Data shown ▸
◆ ◆ ◆ ◆ ◆ ◆ ◆
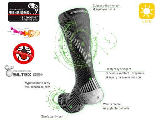 Wygodne skarpety trekingowe wykonane z włókna australijskich owiec Merynosów z domieszką poliestru SILTEX AG+ zawierającego jony srebra.
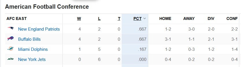 But when you've only played six games, the only way to measure yourself is against your competition. And the team to beat in the division has been beaten. Once at home by the Patriots, and now in Atlanta. The biggest obstacle is the way, as the Stoics say. And right now New England has stepped over the Bills and is sitting atop the division this late in a season for the first time since 2019, when a very different, much more experienced QB than Maye was under center.
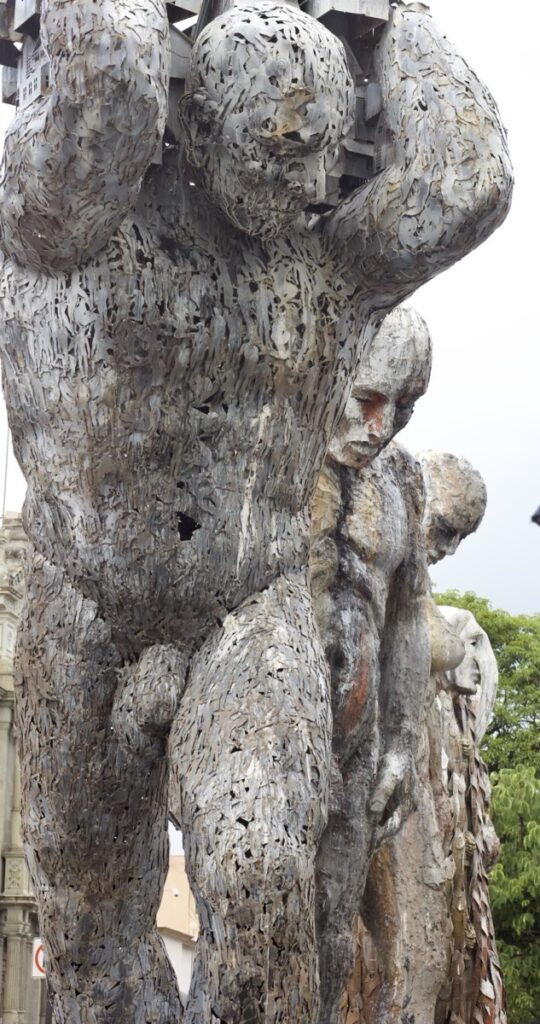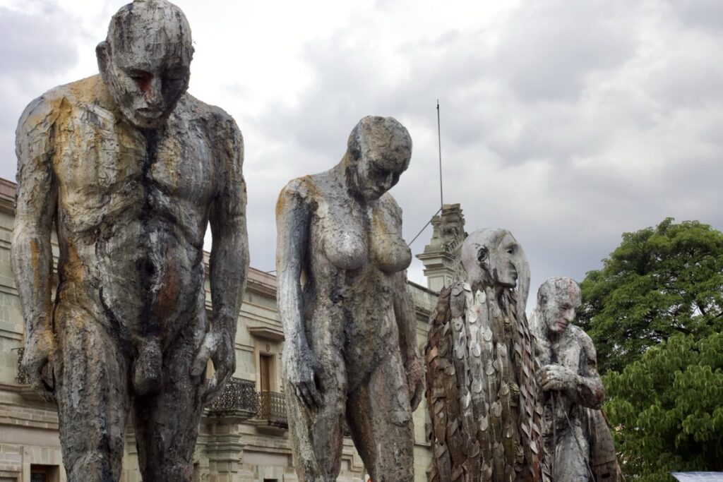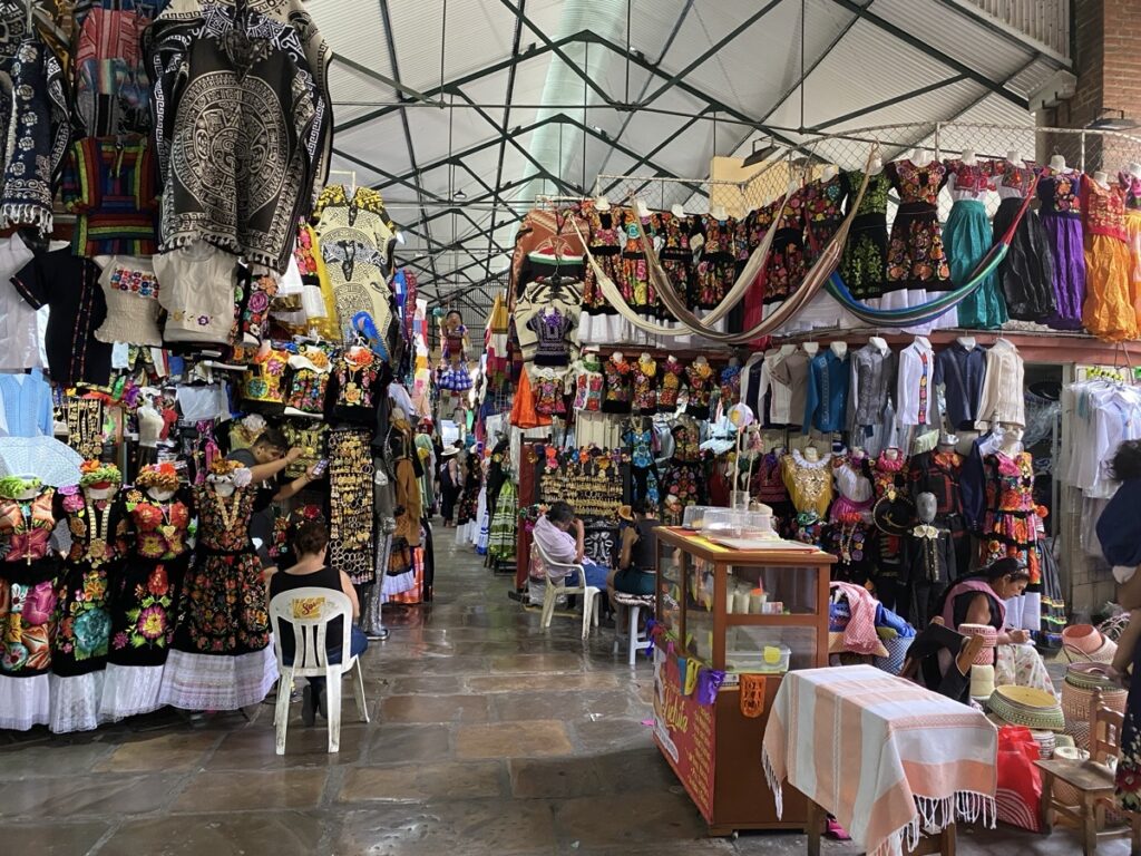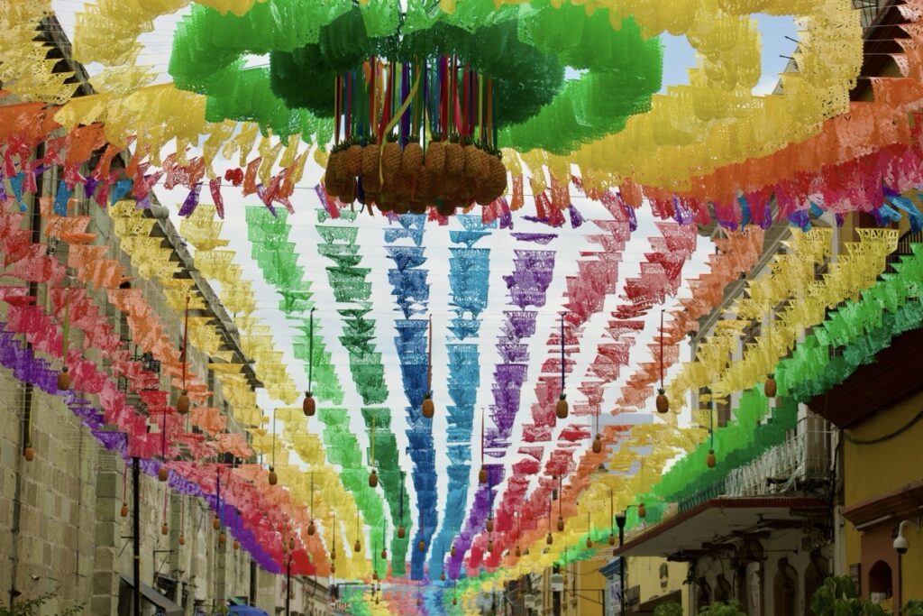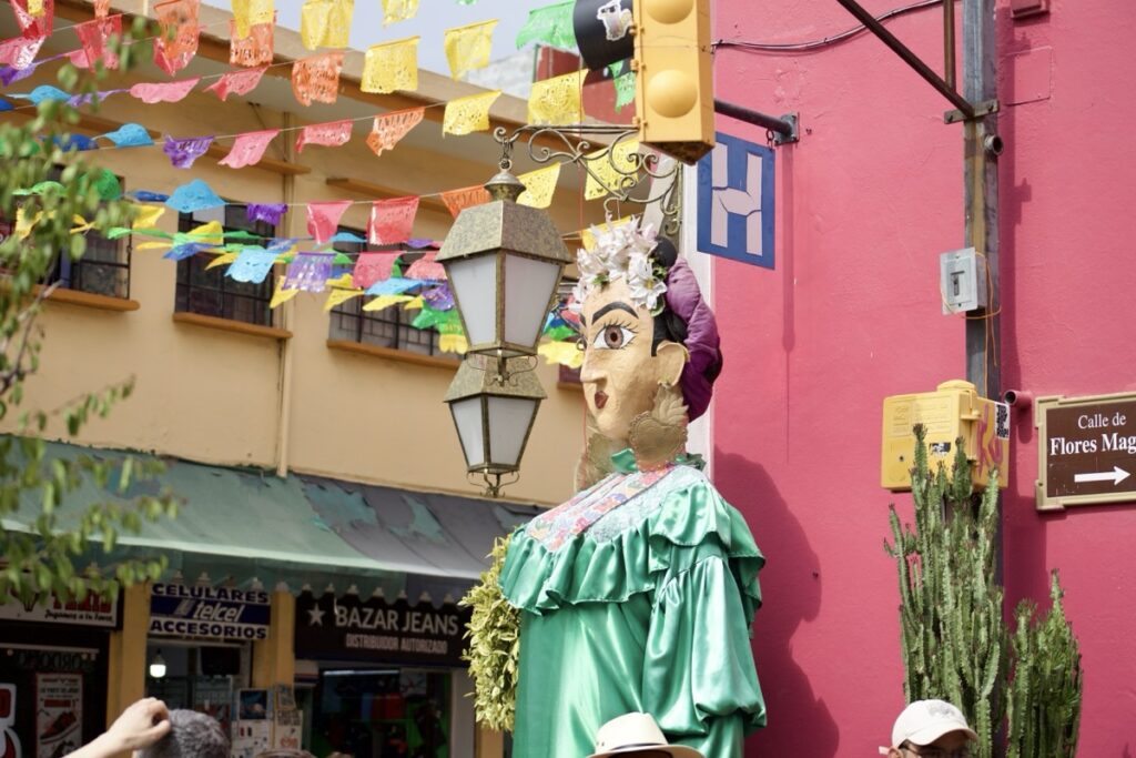 OAXACA, superbe ville au sud est de Mexico city et capitale de l’état de … OAXACA 🫤. C’est aussi la capitale du mezcal, alcool fort qui peut être très bon, préparé à base de cactus. Nous sommes en pleine période de fête ce qui explique que nous n’y ayons passé qu’une journée, la deuxième a en effet, consistée à être bloqués dans des embouteillages monstres sans jamais réussir à atteindre la vieille ville . Et conduire dans des embouteillages au Mexique, c’est épuisant !
◆ ◆ ◆ ◆ ◆ ◆ ◆
Assigned task ▸ Restate word for word the lines running from the first line of the material to the line containing "But when you've", inclusive, and drop every picture.

Task response ▸
 Wygodne skarpety trekingowe wykonane z włókna australijskich owiec Merynosów z domieszką poliestru SILTEX AG+ zawierającego jony srebra.
 But when you've only played six games, the only way to measure yourself is against your competition. And the team to beat in the division has been beaten. Once at home by the Patriots, and now in Atlanta. The biggest obstacle is the way, as the Stoics say. And right now New England has stepped over the Bills and is sitting atop the division this late in a season for the first time since 2019, when a very different, much more experienced QB than Maye was under center.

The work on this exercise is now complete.